__Activity__.
A verbatim copy of the full data, with no pictures, is the expected answer.

__Recorded information__.
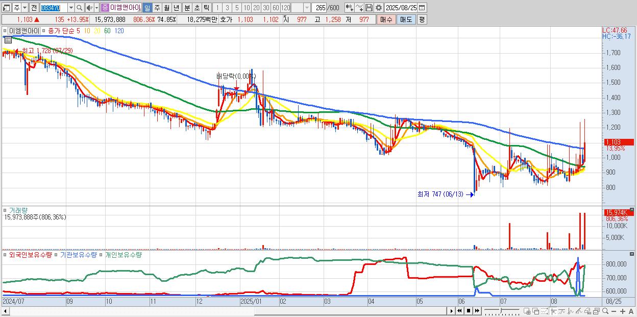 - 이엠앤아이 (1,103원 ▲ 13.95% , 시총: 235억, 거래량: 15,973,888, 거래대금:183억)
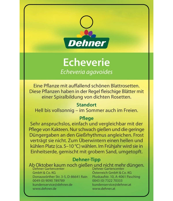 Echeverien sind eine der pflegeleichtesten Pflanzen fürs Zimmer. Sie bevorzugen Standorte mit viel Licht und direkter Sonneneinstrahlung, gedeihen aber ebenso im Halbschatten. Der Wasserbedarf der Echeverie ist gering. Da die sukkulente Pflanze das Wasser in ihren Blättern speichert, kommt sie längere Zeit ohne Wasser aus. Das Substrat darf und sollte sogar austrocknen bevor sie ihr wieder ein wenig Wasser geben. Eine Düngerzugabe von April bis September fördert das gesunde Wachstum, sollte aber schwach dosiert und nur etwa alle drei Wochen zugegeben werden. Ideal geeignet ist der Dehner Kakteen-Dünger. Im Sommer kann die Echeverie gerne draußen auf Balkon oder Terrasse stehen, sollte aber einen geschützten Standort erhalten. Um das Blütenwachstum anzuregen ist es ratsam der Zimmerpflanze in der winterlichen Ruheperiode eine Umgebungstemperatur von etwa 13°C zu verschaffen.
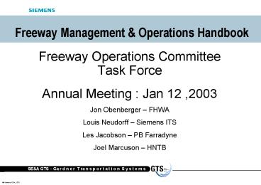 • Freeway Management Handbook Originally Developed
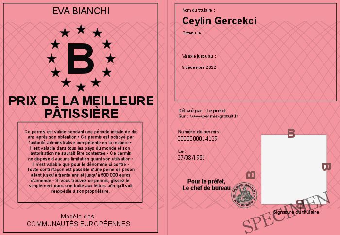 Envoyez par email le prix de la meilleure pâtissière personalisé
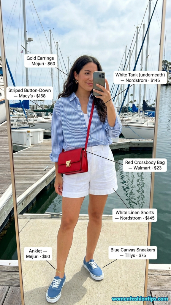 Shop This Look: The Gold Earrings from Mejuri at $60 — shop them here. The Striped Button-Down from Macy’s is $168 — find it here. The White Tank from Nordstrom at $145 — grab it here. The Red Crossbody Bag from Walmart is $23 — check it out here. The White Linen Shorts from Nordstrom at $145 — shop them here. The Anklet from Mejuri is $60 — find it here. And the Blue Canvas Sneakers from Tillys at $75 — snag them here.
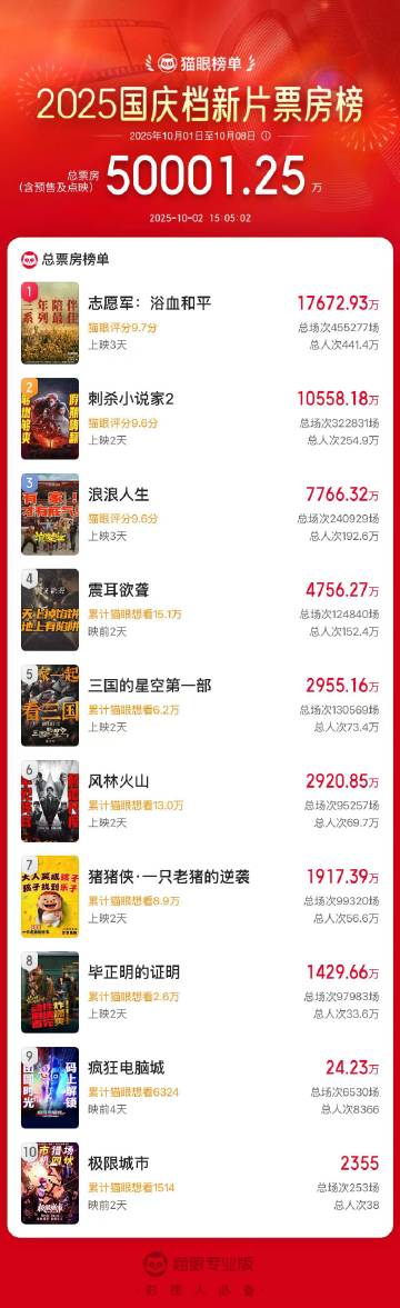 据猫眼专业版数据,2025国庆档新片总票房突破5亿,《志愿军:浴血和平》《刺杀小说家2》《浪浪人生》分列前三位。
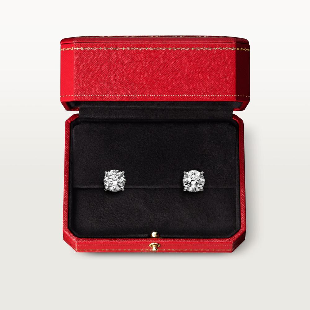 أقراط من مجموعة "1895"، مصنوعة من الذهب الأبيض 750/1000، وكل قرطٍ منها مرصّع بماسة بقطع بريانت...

__Written answer__.
 - 이엠앤아이 (1,103원 ▲ 13.95% , 시총: 235억, 거래량: 15,973,888, 거래대금:183억)
 Echeverien sind eine der pflegeleichtesten Pflanzen fürs Zimmer. Sie bevorzugen Standorte mit viel Licht und direkter Sonneneinstrahlung, gedeihen aber ebenso im Halbschatten. Der Wasserbedarf der Echeverie ist gering. Da die sukkulente Pflanze das Wasser in ihren Blättern speichert, kommt sie längere Zeit ohne Wasser aus. Das Substrat darf und sollte sogar austrocknen bevor sie ihr wieder ein wenig Wasser geben. Eine Düngerzugabe von April bis September fördert das gesunde Wachstum, sollte aber schwach dosiert und nur etwa alle drei Wochen zugegeben werden. Ideal geeignet ist der Dehner Kakteen-Dünger. Im Sommer kann die Echeverie gerne draußen auf Balkon oder Terrasse stehen, sollte aber einen geschützten Standort erhalten. Um das Blütenwachstum anzuregen ist es ratsam der Zimmerpflanze in der winterlichen Ruheperiode eine Umgebungstemperatur von etwa 13°C zu verschaffen.
 • Freeway Management Handbook Originally Developed
 Envoyez par email le prix de la meilleure pâtissière personalisé
 Shop This Look: The Gold Earrings from Mejuri at $60 — shop them here. The Striped Button-Down from Macy’s is $168 — find it here. The White Tank from Nordstrom at $145 — grab it here. The Red Crossbody Bag from Walmart is $23 — check it out here. The White Linen Shorts from Nordstrom at $145 — shop them here. The Anklet from Mejuri is $60 — find it here. And the Blue Canvas Sneakers from Tillys at $75 — snag them here.
 据猫眼专业版数据,2025国庆档新片总票房突破5亿,《志愿军:浴血和平》《刺杀小说家2》《浪浪人生》分列前三位。
 أقراط من مجموعة "1895"، مصنوعة من الذهب الأبيض 750/1000، وكل قرطٍ منها مرصّع بماسة بقطع بريانت...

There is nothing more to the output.